■ TASK MATERIAL:

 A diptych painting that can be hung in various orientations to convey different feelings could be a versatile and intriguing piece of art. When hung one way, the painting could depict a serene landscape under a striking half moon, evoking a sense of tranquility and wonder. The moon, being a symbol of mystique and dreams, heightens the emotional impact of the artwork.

...

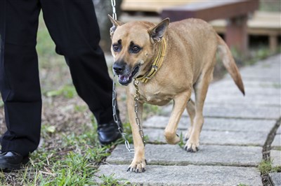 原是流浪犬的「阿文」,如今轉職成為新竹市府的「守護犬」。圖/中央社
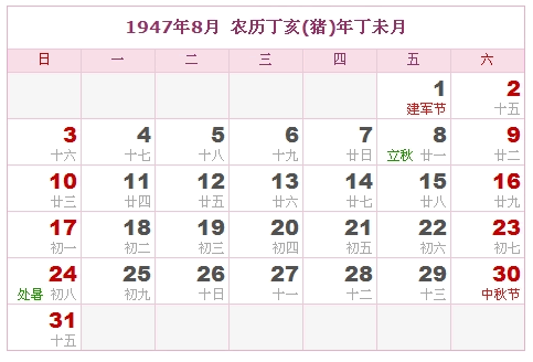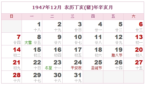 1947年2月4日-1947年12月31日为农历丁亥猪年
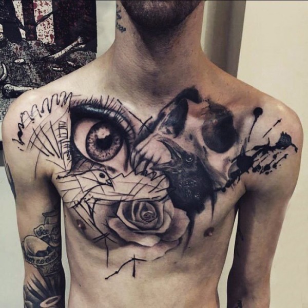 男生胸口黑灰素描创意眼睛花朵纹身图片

■ WHAT TO WORK ON: In the listing above, find the line with "原是流浪犬的「阿文」,如今轉職成為新竹市府的「守護犬」。圖/中央社" and the line with "男生胸口黑灰素描创意眼睛花朵纹身图片". Set down both and every line between them, minus the pictures.

■ ANSWER FOR THE TASK:
 原是流浪犬的「阿文」,如今轉職成為新竹市府的「守護犬」。圖/中央社
 1947年2月4日-1947年12月31日为农历丁亥猪年
 男生胸口黑灰素描创意眼睛花朵纹身图片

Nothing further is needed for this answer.